Learning Teams and Classroom Discipline

I am offering my colleagues here in Denver a twist on what we typically think of as a TPRS presentation. It is connected to Rick Dufour’s idea of professional learning teams. I think that we rely too much on the experts – they can’t do it all. I feel strongly that the rest of us need to get together in little professional learning teams. I have heard this idea described as “coaching workshops” before but I don’t like that term.

All the legal junk prevents my videotaping the class with kids, but I don’t see the value of a videotape with no kids in it. I need my students to properly show what I do. That is of course not possible at conferences, so teachers become the students, and that is very effective, but I want to address classroom discipline with my guests on Tuesday, so I need real students, and not just the best ones.

When teachers are the students, the TPRS has to go at a totally beginning level, as the “students” know nothing.  This is not the reality.  It is impressive, but it is not the real world we teach in every day, with real discipline problems ripping into the psyches of so many of us, new and experienced, every day.

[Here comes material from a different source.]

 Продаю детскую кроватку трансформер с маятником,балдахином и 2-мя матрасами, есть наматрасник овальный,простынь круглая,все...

I have received so many emails lately from awesome people who are going nuts trying to do TPRS because of the discipline piece. Some are ready to quit. Many have quit and have gone back to the book. 

I want to address how comprehensible input and personalization are linked to classroom discipline. I want my guests to see how real classroom discipline emerges naturally from these two things.

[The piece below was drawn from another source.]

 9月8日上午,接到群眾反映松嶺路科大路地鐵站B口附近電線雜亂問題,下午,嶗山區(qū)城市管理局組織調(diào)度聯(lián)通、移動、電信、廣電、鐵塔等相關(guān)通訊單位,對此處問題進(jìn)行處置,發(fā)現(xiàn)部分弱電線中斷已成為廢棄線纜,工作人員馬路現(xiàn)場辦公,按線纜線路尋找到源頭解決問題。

I find it fascinating that inside the paradigm shift that is TPRS is a sub-paradigm shift that will bring a new form of discipline, one that emerges from within the child naturally, so that forced external discipline is not necessary, and mutual respect between teacher and student is established in our classrooms.

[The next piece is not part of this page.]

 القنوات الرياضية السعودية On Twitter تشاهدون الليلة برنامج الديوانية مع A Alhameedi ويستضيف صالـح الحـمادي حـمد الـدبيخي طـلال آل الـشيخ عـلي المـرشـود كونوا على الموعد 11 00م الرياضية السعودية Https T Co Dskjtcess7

I have a bunch of handouts on discipline which are now live on my new benslavic.com site. They are for my guests on Tuesday to read before the workshop so we don’t spend a lot of time discussing theory when we should be rolling up our sleeves and getting to work. Click on “workshops” or “resources” for those.

Back to learning teams. Why am I connecting them to classroom discipline in TPRS in this post? Because if I were to demonstrate what works for me in keeping my kids disciplined in my classroom, when my guests went home, they would forget a lot of it.  What works for me may not work for them.

So if they get ideas from me on Tuesday, and then practice them for a short while, and then if we get together again, we can address each person’s progress as a group. Then we can make the learning stick. It is the only way I see it working.

Maybe little TPRS learning teams could work. The teams could talk less about the “what” of TPRS and more about the “how” and get in each other’s faces a little bit, so we can experience that fear that is so common to all of us with the method, look each other in the eye, and grow to be better TPRS teachers.